Endorsements by celebrities, such as sports stars and politicians gave the campaign a high profile. Croatia’s president and other dignitaries attended the opening of a toll-free hotline that provided information and advice about smoking and quitting. TV personalities, singers, and other celebrities attended Non-Smoking School. A handbook was written for teachers to use in schools. Programs educated health care workers, with emphasis on persuading them to give up smoking themselves and on training doctors around the country to establish anti-smoking programs.

Subsequent research showed that the great majority of Croatians were aware of the campaign and its messages. “During this period we decreased the number of smokers by about 5 percent,” Djordjevic said. He believes strongly in the power of the media to shape attitudes. Outside his medical practice, he hosts both a radio show and a TV show. On both, he takes callers’ questions and shares information on health issues, including smoking.

In dealing with a behavior that is both addictive and deeply woven into daily life, however, knowledge does not necessarily equal action. Croatia has “a very good law” limiting smoking in workplaces, restricting smoking to specified areas of restaurants, and forbidding direct media advertising of tobacco, says Cop-Blazic. The country also participates in international tobacco control efforts. But it faces many difficulties in implementation. “There is no political will to enforce the rules strictly,” she adds.

Socializing with friends in cafés and other eating and drinking places is a central part of Croatian life, both for citizens and the millions of foreign tourists—10 million in 2005—who each summer pack the resort towns on the Dalmatian coast and its islands. Because of lax enforcement, smoke pervades restaurants, bars, cafés, hotel lobbies, airport and bus terminals, and other public places throughout the country, and even some office buildings and other worksites. Tobacco companies skirt the advertising restrictions with indirect messages widely recognized to refer to cigarette brands, such as posters that present striking nature photography and a pun on a brand name. The country lacks effective means for making cigarettes “less available to young people,” Cop-Blazic says.

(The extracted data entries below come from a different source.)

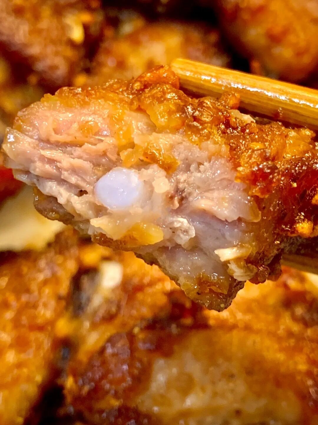 2️⃣油温烧至六层热(筷子放下去边缘有密集气泡)时下排骨,一面炸制成型后再缓慢翻动(一面附着在表面的蒜末脱落),全程效果炸制表面金黄捞出,大概6.7分钟左右(具体时间根据排骨大小和火候调整哈)。
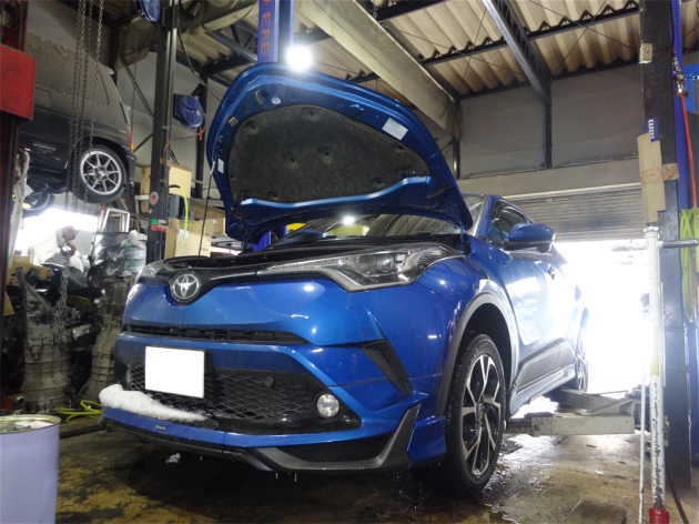 大雪(積雪40㎝以上)で 朝から除雪に追われる中 オイル交換 2台 入庫に (^◇^;) トヨタ C-HR NGX50 8NR 10時過ぎに 来店! エンジン HKS プレミアム 0W20 交換 S
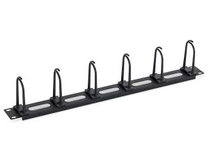 Vyvazovací panel pro organizaci kabelů pro 19" rack, 6x plastová úchytka velká, černá.
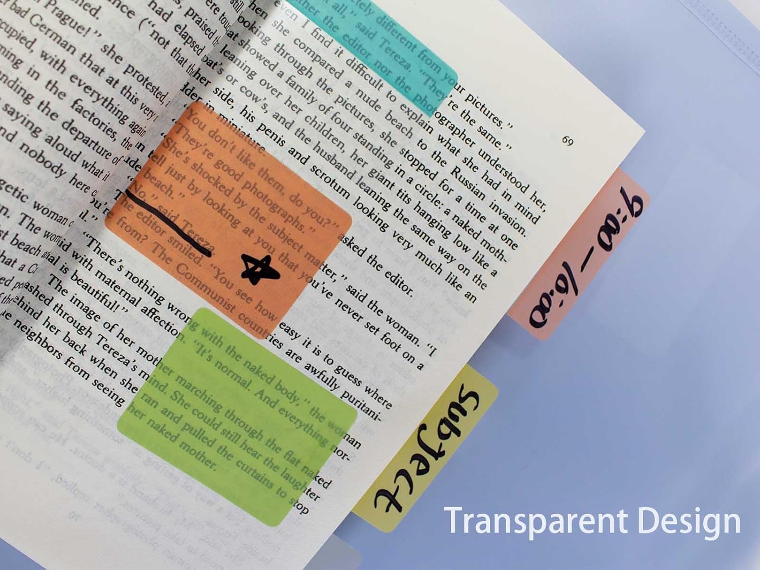 • Safety Material: the tabs made of PET material and special adhesive, waterproof, non-toxic, no odor, smooth writing; self adhesive part is transparent
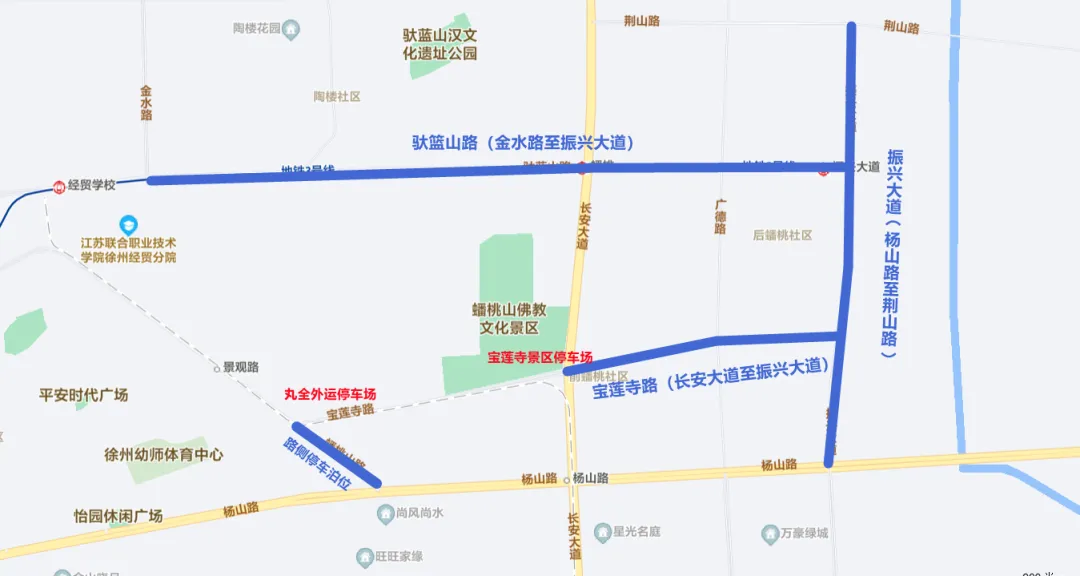 (二)周边道路临时停车 为缓解春节假期期间停车资源紧张,徐州交警将视情临时利用周边道路开辟临时停车泊位: 1.宝莲寺路(振兴大道至长安大道) 2.振兴大道(杨山路至荆山路) 3.驮蓝山路(金水路至振兴大道)
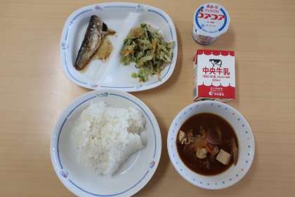 豚汁、いわしのしょうが煮、アーモンドあえ、ヨーグルト、ごはん、牛乳 でした。
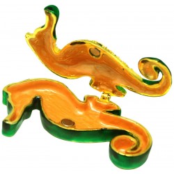 Hand sculpted & enamelled this high quality, jewelled Seahorse trinket box is a part of deva Australia’s large range of ornate animal figurines, which are hand cast in metal to create exquisite trinket boxes, inspired by Fabergé style trinket boxes. Each deva Australia collectable trinket box, is skilfully sculpted to bring out life like characteristics. Hand painted fine enamels that mimic natures exquisite and vibrant palette; artistically hand-set Austrian Crystal embellishments and 18 K gold or silver plated trims, finish each piece to make it a treasured collectible or keepsake.
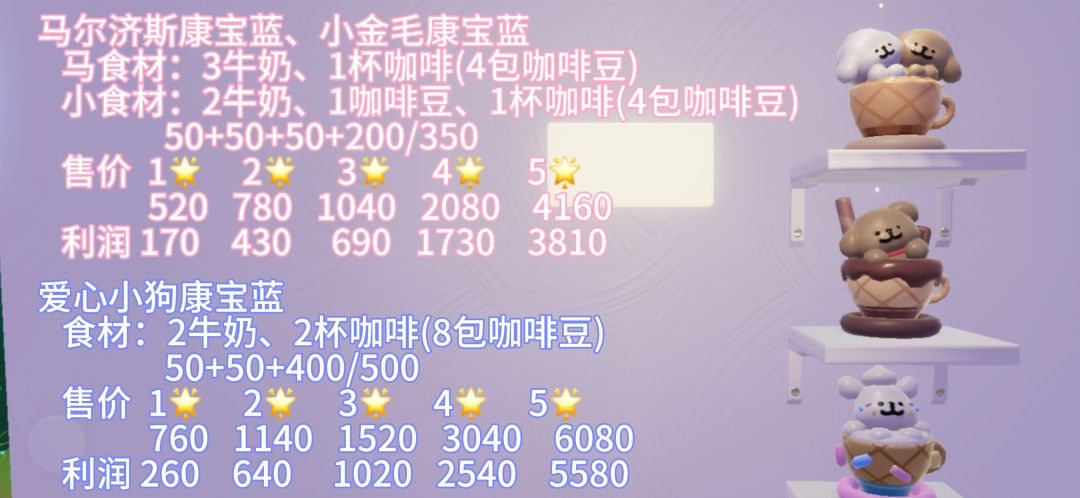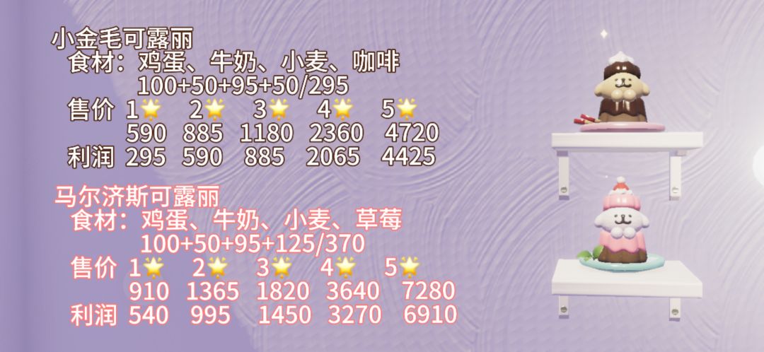 小镇昨天上新的五个食谱 成本售价利润集齐了!!快来看看值不值得肝一波
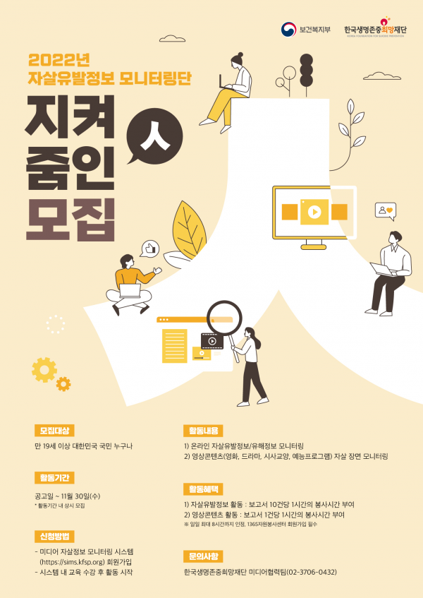 ‘지켜줌인’은 온라인상에서 무분별하게 유통되고 있는 자살 유발 정보 등을 감시하고 신고하는 자원봉사자이다.
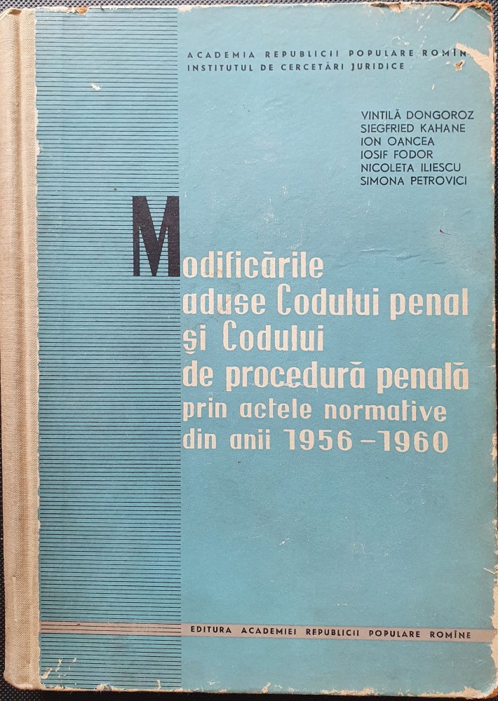 Vintila Dongoroz Modificarile aduse Codului penal si codului de procedura penala prin acte normative din anii 1956-1960 -Kahane, Oancea, Iliescu, Petrovici
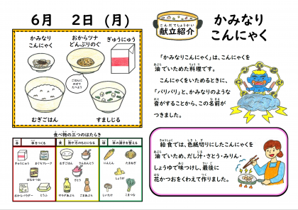 今日から6月の給食が始まりました。プリプリ食感のこんにゃくをさとう、みりん、しょうゆ、だし汁でいため煮にした「かみなりこんにゃく」は、提供される回数こそ少ないですが、ひそかに人気のある献立です。ツナの旨味を感じられるおからツナ丼も子どもたちに好評でした。
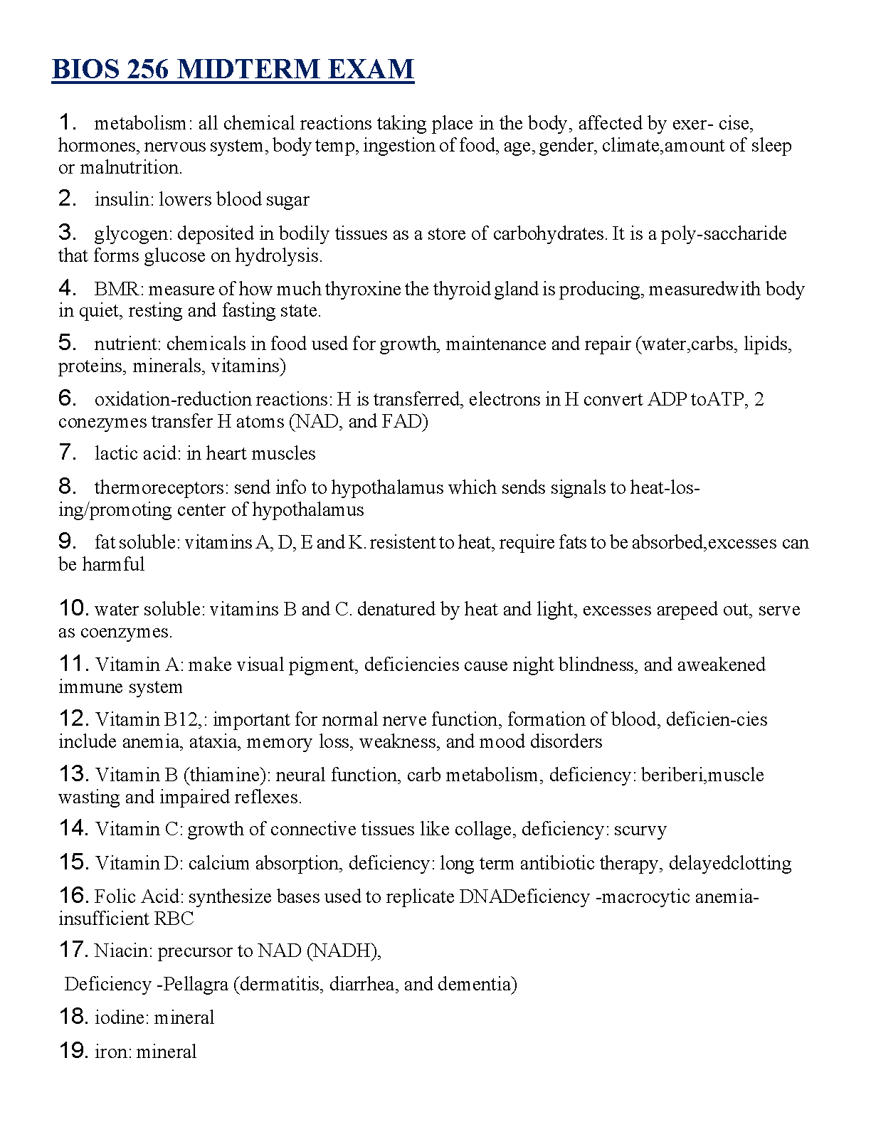 Unlock success in your BIOS 256 midterm with our meticulously crafted exam elaboration for the 2025/2026 academic year. This comprehensive guide provides detailed explanations and key definitions for all essential topics, including metabolism, hormonal regulation (like insulin), BMR, oxidation-reduction reactions, and the roles of water-soluble and fat-soluble vitamins (A, B-complex, C, D, E, K) and essential minerals. Designed for clarity and quick learning, this resource is your key to mastering the material, boosting your confidence, and passing the exam on your very first try. Say goodbye to exam stress and resits!
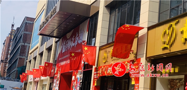 本網(wǎng)訊(實(shí)習(xí)記者 李瑤)為慶祝新中國(guó)成立70周年,安康中心城區(qū)各大商家都陸陸續(xù)續(xù)地在店門(mén)口掛上了顏色鮮艷的五星紅旗,放眼望去,鮮艷奪目的五星紅旗迎風(fēng)飄揚(yáng),為安康中心城區(qū)的街道增添了一道亮麗的風(fēng)景線。jai安康新聞網(wǎng)

In the long run, experts agree, persuasion and education work far better than prohibition in reducing smoking. Banning tobacco is “counter-productive,” says Jha. “Legislative measures are not against smokers,” says Cop-Blazic, “but against smoking, which is dangerous for both smokers and non-smokers.”

 

Beryl Lieff Benderly is a prize-winning Washington journalist and author specializing in health, behavior, and science policy. Her articles appear in major magazines and on the Internet, and she is a regular contributor to the Science magazine website. Her eight books include In Her Own Right: The IOM Guide to Women's Health Issues. She is working on a book about addiction (Oxford University Press, forthcoming).